In view of the large number of competitors, the Coral team said that by closely integrating its hardware with Google’s AI service ecosystem, it can be different.
This series of products, including chips, cloud training, and development tools, has long been the main force of Google's artificial intelligence series. As far as Coral is concerned, there is an AI model library specially compiled for its hardware, and AI services on Google Cloud, which are directly integrated with various Coral modules (such as its environmental sensors).
In fact, Coral is tightly integrated with Google’s AI ecosystem. Edge TPU-powered hardware can only be used in conjunction with Google’s ML framework TensorFlow. Verge talks about competitors in the AI edge market, which may be a limiting factor. "Edge products are processed specifically for their platforms, and our products support all major AI frameworks and models on the market," a spokesperson for AI edge company Kneron told The Verge. (Kneron said that its assessment is not "negative," and that Google’s entry into the market is welcomed because it "verifies and drives innovation in this area.")
However, it is unclear what business Coral is currently doing. Google will certainly not push Coral as strongly as the Cloud AI service, and the company has yet to disclose any sales data and targets. However, a source familiar with the matter did tell The Verge that most of Coral's orders are for a single device, including AI accelerators and development boards. And only a few customers order 10,000 devices in the enterprise.
For Google, the appeal of Coral may not necessarily be income, but just to learn more about how AI is applied in important areas. In today's world of practical machine learning, all roads inevitably flock to artificial intelligence at the edge.
AI hardware and software supporting Google Edge TPU edge artificial intelligence computing chip
The Model Play and Tiorb AIX launched by Gravitylink can also perfectly support Edge TPU. Tiorb AIX is an artificial intelligence hardware that integrates two core functions of computer vision and intelligent voice interaction.

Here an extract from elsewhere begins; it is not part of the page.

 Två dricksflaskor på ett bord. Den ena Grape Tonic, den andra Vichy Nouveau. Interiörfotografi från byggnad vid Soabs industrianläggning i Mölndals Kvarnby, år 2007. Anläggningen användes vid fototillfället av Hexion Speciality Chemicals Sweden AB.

It is equipped with professional AI edge computing chips and various sensors. Model Play is an AI model resource platform for global developers. It has built-in diversified AI models, compatible with Tiorb AIX, and supports Google Edge TPU, an edge artificial intelligence computing chip, to accelerate professional-level development. In addition, Model Play provides complete and easy-to-use transfer learning model training tools and rich model examples, which can be combined with Titan AIX to achieve rapid development of various artificial intelligence applications. Based on Google's open source neural network architecture and algorithms, it builds an autonomous transfer learning function. Users do not need to write code. They can complete AI model training by selecting pictures, defining models and category names, and realize easy learning and development of artificial intelligence.